I've heard of people doing both, but with the stock exhaust. There was a member here awhile ago that cut out his mufflers and left the resonators and was very pleased with the sound, but like I said, it was a stock exhaust.


----------



## DRFT_GTO (Sep 10, 2007)

yeah i might just give it a try and if it sounds ****ty put in some res.


----------



## Pennsylvania Goat (Jul 22, 2005)

PEARL JAM said:


> I've heard of people doing both, but with the stock exhaust. There was a member here awhile ago that cut out his mufflers and left the resonators and was very pleased with the sound, but like I said, it was a stock exhaust.


You might be talking about me. This was the best sounding vehicle I've ever had (even better than the vette.) 





Not sure of the sound diff between the LS1 and LS2 (exhaust routes, etc.) 

G'luck anyhow.


----------



## Good 2 go (Sep 7, 2005)

I did it too, and loved it! :cheers


----------



## DRFT_GTO (Sep 10, 2007)

yeah i am probably gonna chop them muffs off hahah


----------



## batmans (Aug 16, 2007)

any sound clips?

I had a friend that just replaced his BMW 540 mufflers with 2 pipes and it sounded like a Ferrari.


----------



## DRFT_GTO (Sep 10, 2007)

yeah i like how bmw's lexus' and audi's sound with exhaust systems!

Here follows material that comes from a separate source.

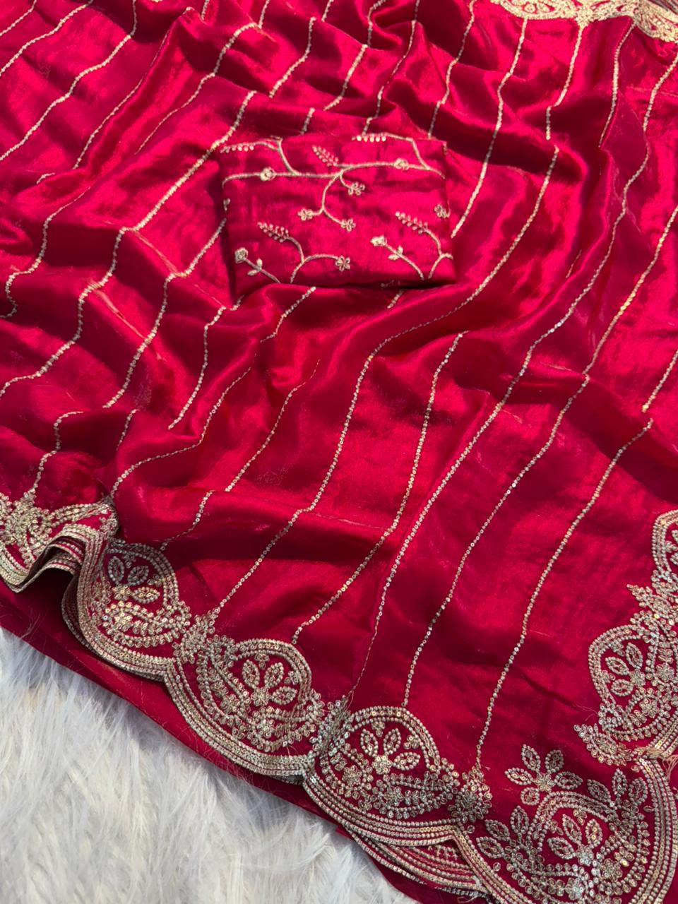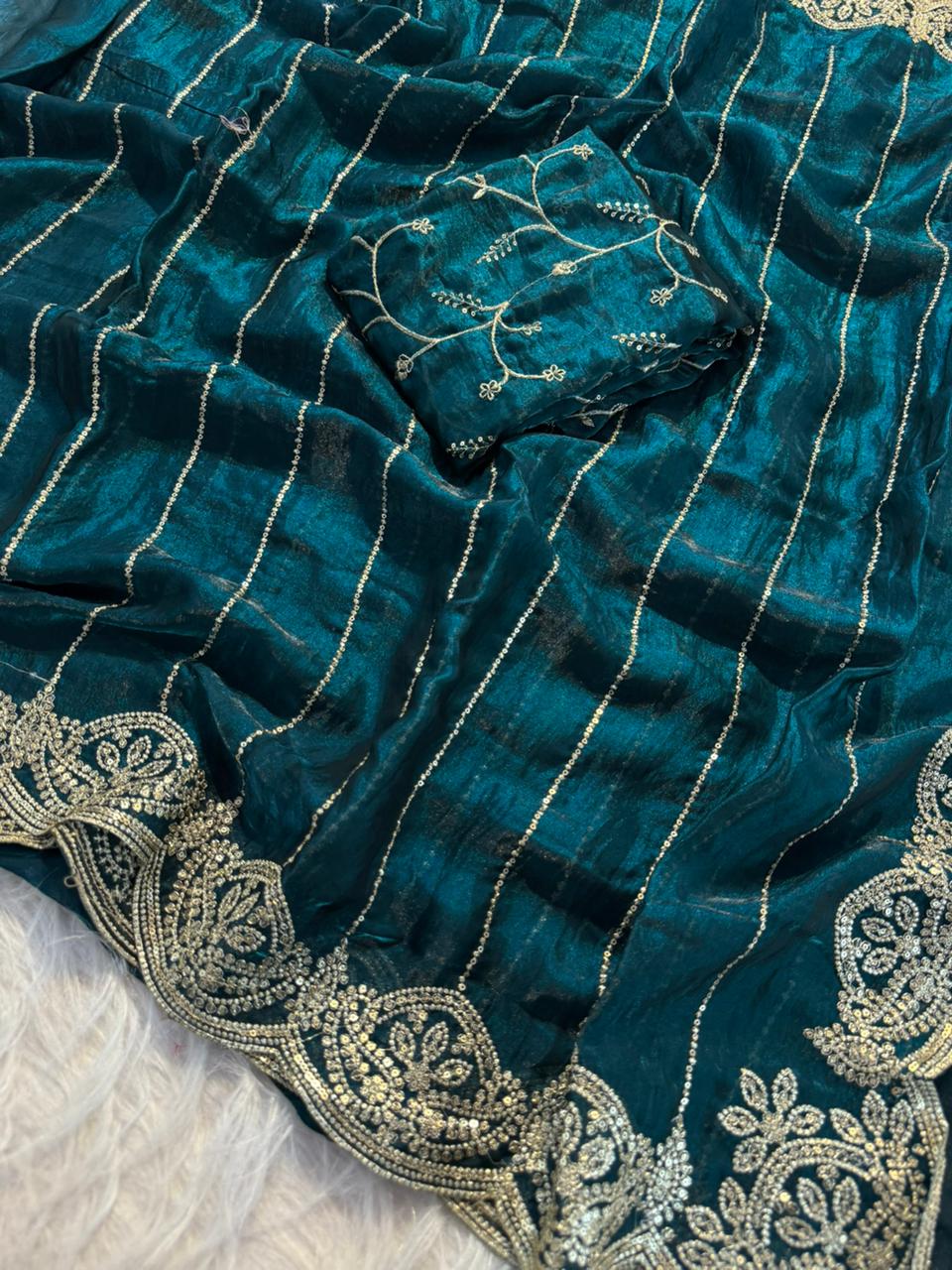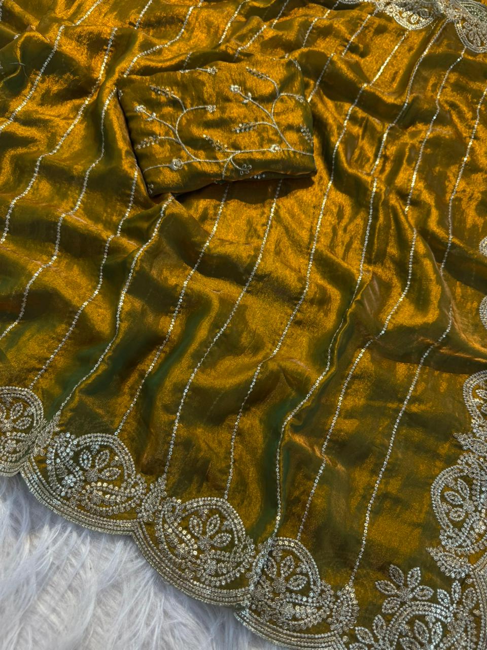 Experience elegance in every drape with our Fendy Satin Saree, featuring premium multi-sequence embroidery work that adds a rich and sparkling finish. Crafted on smooth Fendy satin, this saree offers a luxurious fall and festive shine.

and a video clip of a straight piped GTO would be nice!


----------



## DRFT_GTO (Sep 10, 2007)

hey pensylvania goat, i was looing in your gallary, and i noticed a lingenfelter sticker under the hood of your gto.... what lingenfelter parts you got?


----------



## Pennsylvania Goat (Jul 22, 2005)

*Cai*



DRFT_GTO said:


> hey pensylvania goat, i was looing in your gallary, and i noticed a lingenfelter sticker under the hood of your gto.... what lingenfelter parts you got?


LPE CAI :cool


----------



## DRFT_GTO (Sep 10, 2007)

how do you like it?


----------



## Pennsylvania Goat (Jul 22, 2005)

*Lpe Cai*



DRFT_GTO said:


> how do you like it?


Nice mod indeed. Sounded mean under the hood.


----------